The book title — Deep Work: Rules for Focused Success in a Distracted World — caught my attention once I was browsing through book recommendation. I believed (and hoped) that it would provide some tips to help me address at least one of the two bullet points below.

  1. My attention is constantly being pulled to multi-direction, e.g. social media, texts, office email, office chat, etc. and I am not in control of what I want to focus on easily.
  2. Striving for producing good and eventually great impact no matter what work I am given, I don’t want to waste the gift(s) that God has planted in me. Yet, I subconsciously squander the limited-precious time in non-essential areas but not in discovering or leveraging my gift(s). (Gifts here can be thought of as ability or desire/passion)

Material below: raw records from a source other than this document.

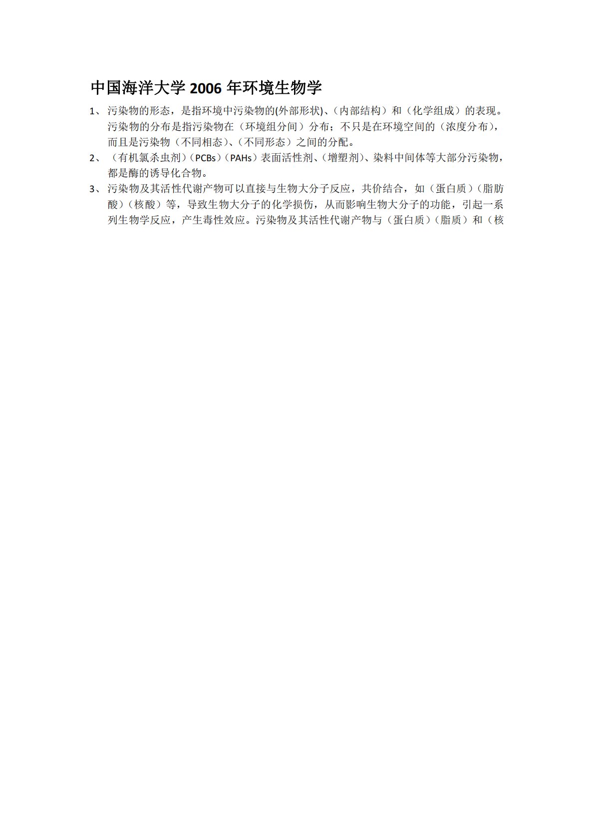 中国海洋大学2006年环境生物学1、污染物的形态,是指环境中污染物的(外部形状)、(内部结构)和(化学组成)的表现。污染物的分布是指污染物在(环境组分间)分布;不只是在环境空间的(浓度分布),而且是污染物(不同相态)、(不同形态)之间的分配。2、(有机氯杀虫剂)(PCBs)(PAHs)表面活性剂、(增塑剂)、染料中间体等大部分污染物,都是酶的诱导化合物。3、污染物及其活性代谢产物可以直接与生物大分子反应,共价结合,如(蛋白质)(脂肪酸)(核酸)等,导致生物大分子的化学损伤,从而影响生物大分子的功能,引起一系列生物学反应,产生毒性效应。污染物及其活性代谢产物与(蛋白质)(脂质)和(核中国海洋大学...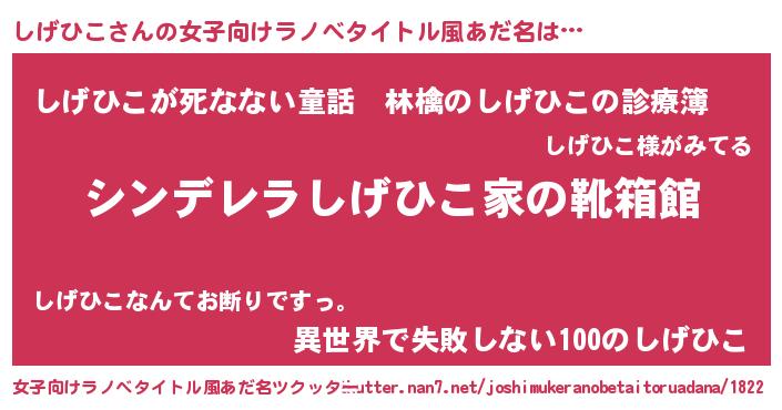 | 男性向けラノベタイトル風あだ名 | 『冴えないしげひこの育てかた』 |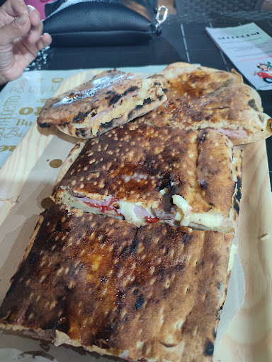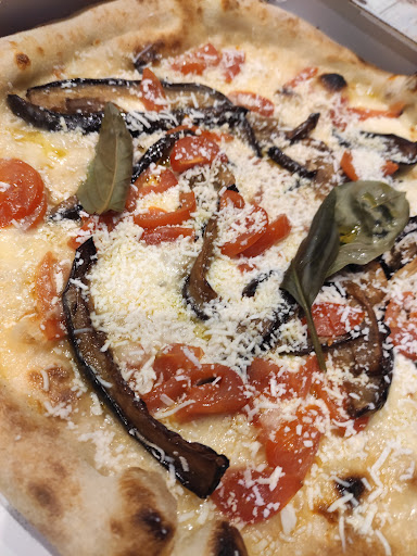 La pizza buona, il condimento sembrava essere di qualità, ma avrei preferito ce ne fosse stato un po' di più. Il rapporto qualità-prezzo è ottimo. Il personale gentile e disponibile. Per quanto riguarda l'ambiente in sé, è quello che è in quanto pizzeria principalmente da asporto, ma nello spazio esterno sono comunque posizionati dei tavolini, in modo tale da permettere la consumazione sul posto a chi la preferisce (anche se un po' scomoda e arrangiata). Possibilità di mangiare pizze senza glutine, sebbene con base precotta. Da tenere a mente, però, che questa opzione è riservata unicamente agli intolleranti, non agli allergici (le pizze vengono cotte nello stesso unico forno, dunque una minima contaminazione di glutine avviene e ciò non la rende totalmente celiaci-friendly). C'è stata poi una cosa che mi ha abbastanza infastidita: il sovrapprezzo di ben 5€ sulla pizza senza glutine! Partiamo dal presupposto che in generale ritengo sbagliato far pagare un sovrapprezzo a chi, per necessità e non per scelta, deve optare per alimenti senza glutine (o senza lattosio e via dicendo), a causa di allergie/intolleranze. In secondo luogo, non concepisco il fatto di pagare così tanto per una pizza che, fondamentalmente, è fatta con una base già pronta e non è nemmeno totalmente gluten free (vista la contaminazione che avviene in forno).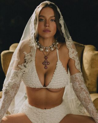 Sydney Sweeney Goes Viral Showing Off Perfect Boobs in White Ruffle Bikini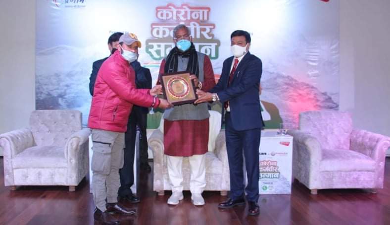 कार्यक्रम में नर्सिंग ऑफिसर शिवानी, रामेश्वरी के साथ ही कोविड के दौरान सराहनीय कार्य करने वाले प्यार सिंह, कृष्णा प्रसाद एवं स्वास्थ्य, पूलिस, प्रशासन एवं सामाजिक क्षेत्र में कार्य करने वालों को सम्मानित किया गया। मुख्यमंत्री त्रिवेन्द्र सिंह रावत ने कहा कि जिन कोरोना कर्मवीरों को सम्मान दिया जा रहा है, उन्होंने कोविड काल में अपनी जिम्मेदारी को सामाजिक जिम्मेदारी मानव सेवा समझकर कार्य किया। ऐसे अनेक लोगों ने इस दौरान सराहनीय कार्य किया। उन्होंने कहा कि आज देश कोरोना के संकट से तेजी से उभर रहा है। किसी भी समस्या के समाधान के लिए जागरूकता का होना बहुत जरूरी है। देश एवं प्रदेश में कोरोना के प्रभावी नियंत्रण में जन जागरूकता की महत्वपूर्ण भूमिका रही है। मुख्यमंत्री त्रिवेन्द्र ने कहा कि 15 मार्च 2020 को उत्तराखण्ड में कोरोना का पहला मामला आया था। कोविड के दौरान जनहित में कड़े निर्णय भी लेने पड़े। इसके परिणामस्वरूप राज्य आज कोविड को नियंत्रित करने की स्थिति में हैं। कोविड के दौरान राज्यवासियों का सरकार को पूरा सहयोग मिला। गरीबों एवं असहायों की मदद के लिए अनेक लोग आगे आये। हमारे वैज्ञानिकों के अथक प्रयासों से आज भारत में वैक्सीन ही नहीं बन रही है, बल्कि दुनियां के 20 देशों को भारत वैक्सीन दे रहा है। वसुधैव कुटुम्बकम की भारत की जो सोच रही है, उस दिशा में कार्य हो रहा है। कोविड के दौरान हमारे अनेक स्वास्थ्य कर्मियों ने अपना बलिदान दिया। इस अवसर पर ग्राफिक एरा विश्वविद्यालय के चांसलर प्रो. कमल घनसाला, वरिष्ठ पत्रकार संजय अभिज्ञान, ग्राफिक एरा विश्वविद्यालय के कुलपति डॉ. आर. के शर्मा, आर.जे. काव्य आदि उपस्थित रहे।

Distilled tips (hopefully to be proved helpful) and interesting phenomena (worth to be kept in mind) from Deep Work

FormulaProduced High Quality Work (Deep work) = time spent X intensity of focus
P.S. The maximum of deep work time is average 4 hrs/day. It is hard to go beyond. For new-bee at deep work, 1 hr/day of deep work time is a good start.

Based on this formula, I personally have a desire of increasing the intensity of my focus and decreasing the amount of time that is needed to produce the quality of work that meets my bar. (Assuming that there is a method that one use to evaluate where the bar should be already — we can chat about how to set aspiring yet realistic bar later on once I have more experience and insights to share.) Such that, I can have more time to be with my family/friends, to grow in other areas that are not purely related to my current professional career.

Distilled tips to achieve deep work —

Deep work philosophy (There are four of them of the book but I chose these two as they could be more applicable for workers whose schedule are more determined by the team and less by the individual)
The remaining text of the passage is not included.